*DATA*.
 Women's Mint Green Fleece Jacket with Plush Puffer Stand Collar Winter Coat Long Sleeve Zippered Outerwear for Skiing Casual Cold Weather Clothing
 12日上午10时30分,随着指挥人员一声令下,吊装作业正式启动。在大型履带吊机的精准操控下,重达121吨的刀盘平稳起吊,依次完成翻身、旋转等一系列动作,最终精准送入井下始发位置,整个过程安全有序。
* * *
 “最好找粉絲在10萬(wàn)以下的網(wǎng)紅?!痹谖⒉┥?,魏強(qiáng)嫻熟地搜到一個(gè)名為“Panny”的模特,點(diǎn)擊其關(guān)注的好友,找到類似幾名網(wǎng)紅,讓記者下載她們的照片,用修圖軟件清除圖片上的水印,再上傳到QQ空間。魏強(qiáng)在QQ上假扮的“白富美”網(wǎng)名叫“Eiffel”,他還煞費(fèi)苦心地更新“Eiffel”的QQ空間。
==
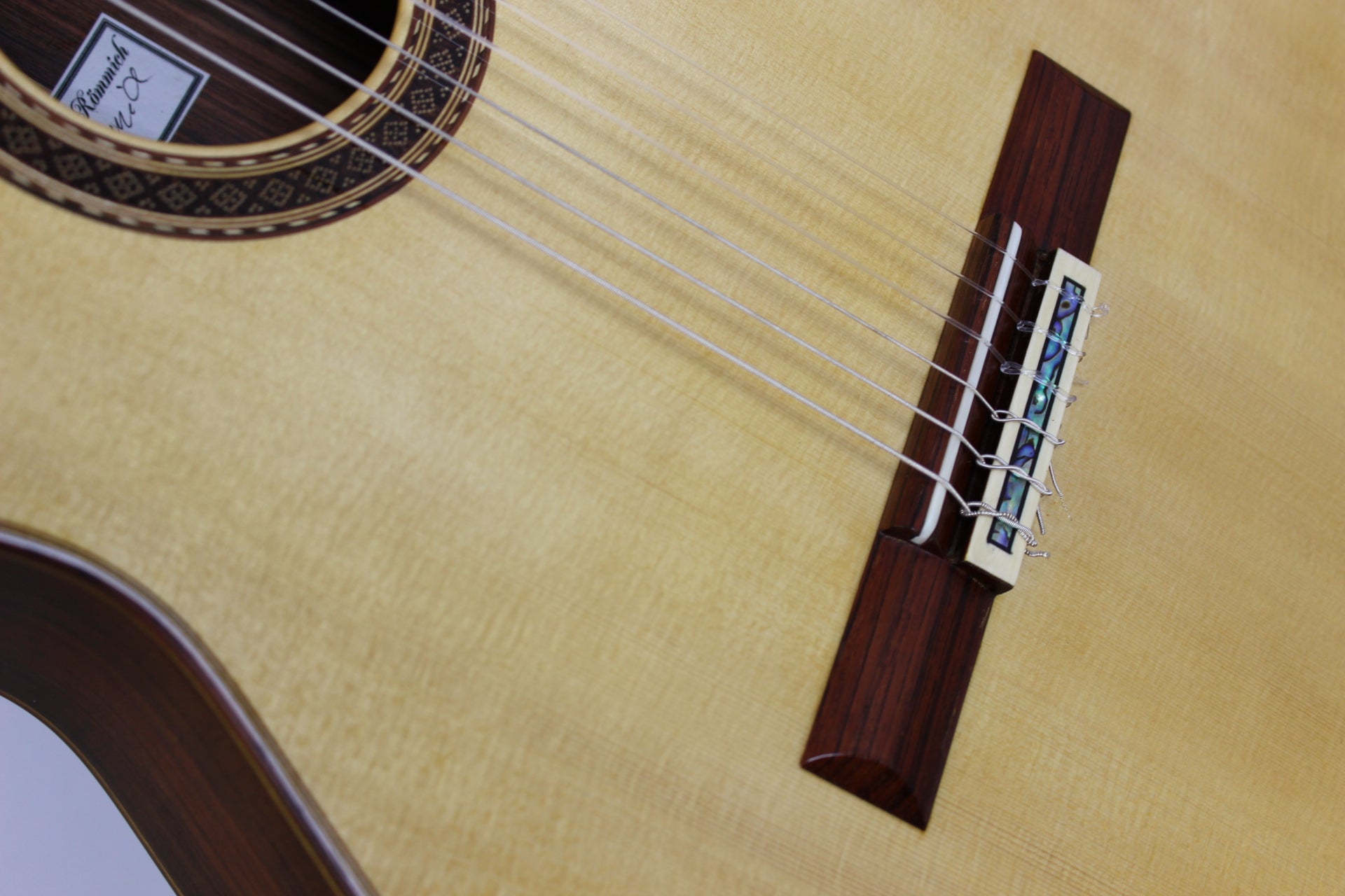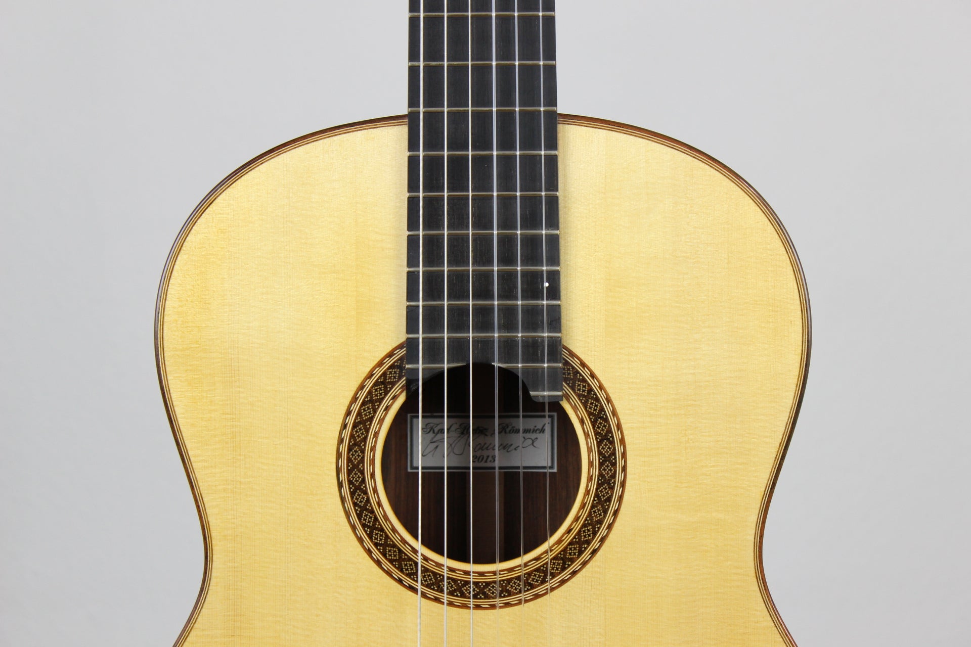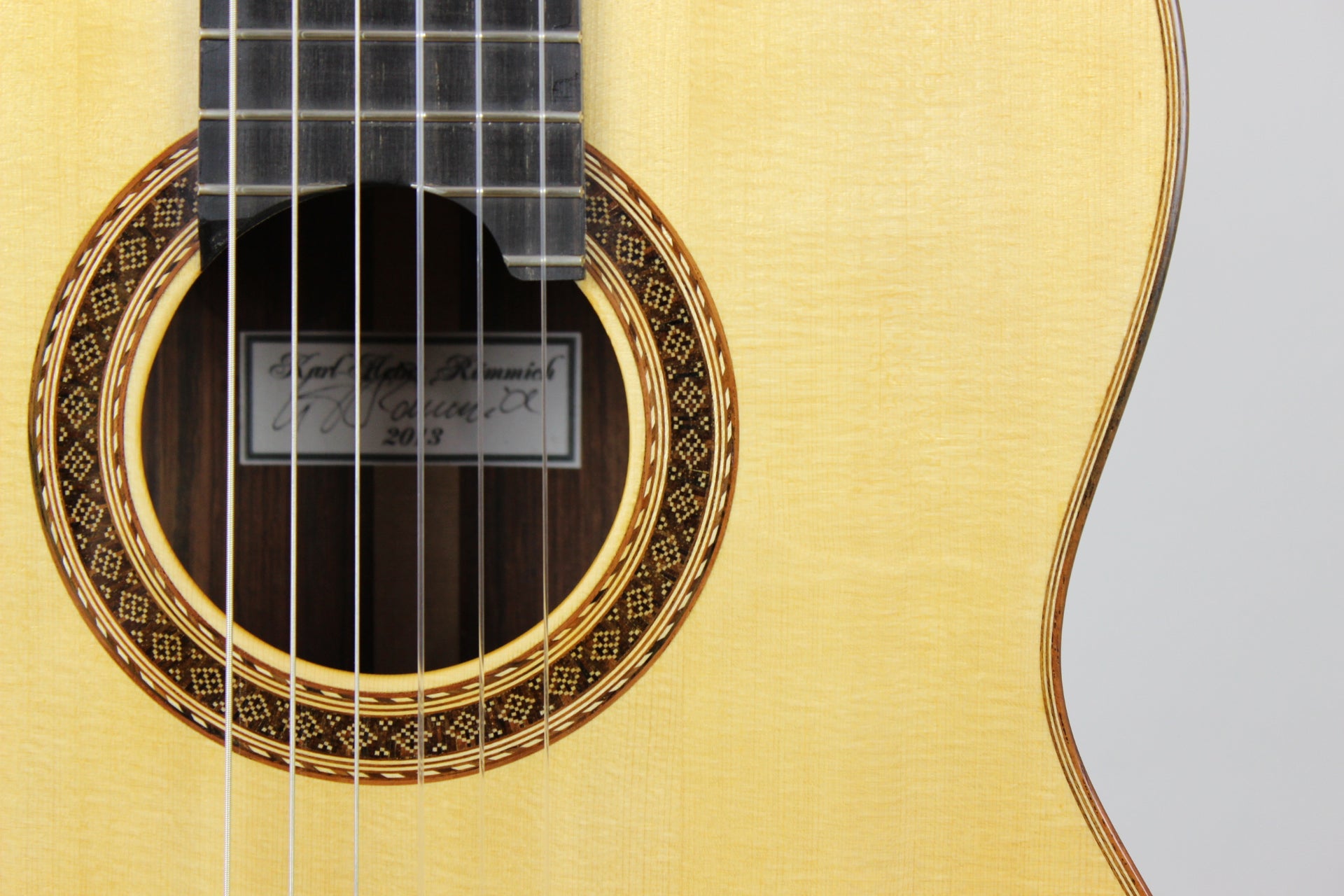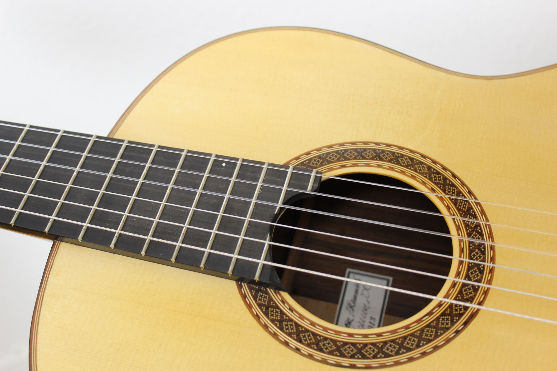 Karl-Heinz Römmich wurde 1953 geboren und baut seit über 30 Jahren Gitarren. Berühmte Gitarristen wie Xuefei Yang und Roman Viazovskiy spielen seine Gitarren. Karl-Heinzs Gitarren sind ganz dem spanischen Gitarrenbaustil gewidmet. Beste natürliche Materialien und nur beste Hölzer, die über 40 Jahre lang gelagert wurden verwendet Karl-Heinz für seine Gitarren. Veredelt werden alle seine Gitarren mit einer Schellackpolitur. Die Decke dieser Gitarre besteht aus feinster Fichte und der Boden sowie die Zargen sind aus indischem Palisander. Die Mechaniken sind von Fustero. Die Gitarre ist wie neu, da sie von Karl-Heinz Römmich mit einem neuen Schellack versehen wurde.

*EXERCISE GOAL*.
Above are some lines. Repeat exactly, and only, those from the line that has "Women's Mint Green" through the line that has "12日上午10时30分,随着".

*TASK SOLUTION*.
 Women's Mint Green Fleece Jacket with Plush Puffer Stand Collar Winter Coat Long Sleeve Zippered Outerwear for Skiing Casual Cold Weather Clothing
 12日上午10时30分,随着指挥人员一声令下,吊装作业正式启动。在大型履带吊机的精准操控下,重达121吨的刀盘平稳起吊,依次完成翻身、旋转等一系列动作,最终精准送入井下始发位置,整个过程安全有序。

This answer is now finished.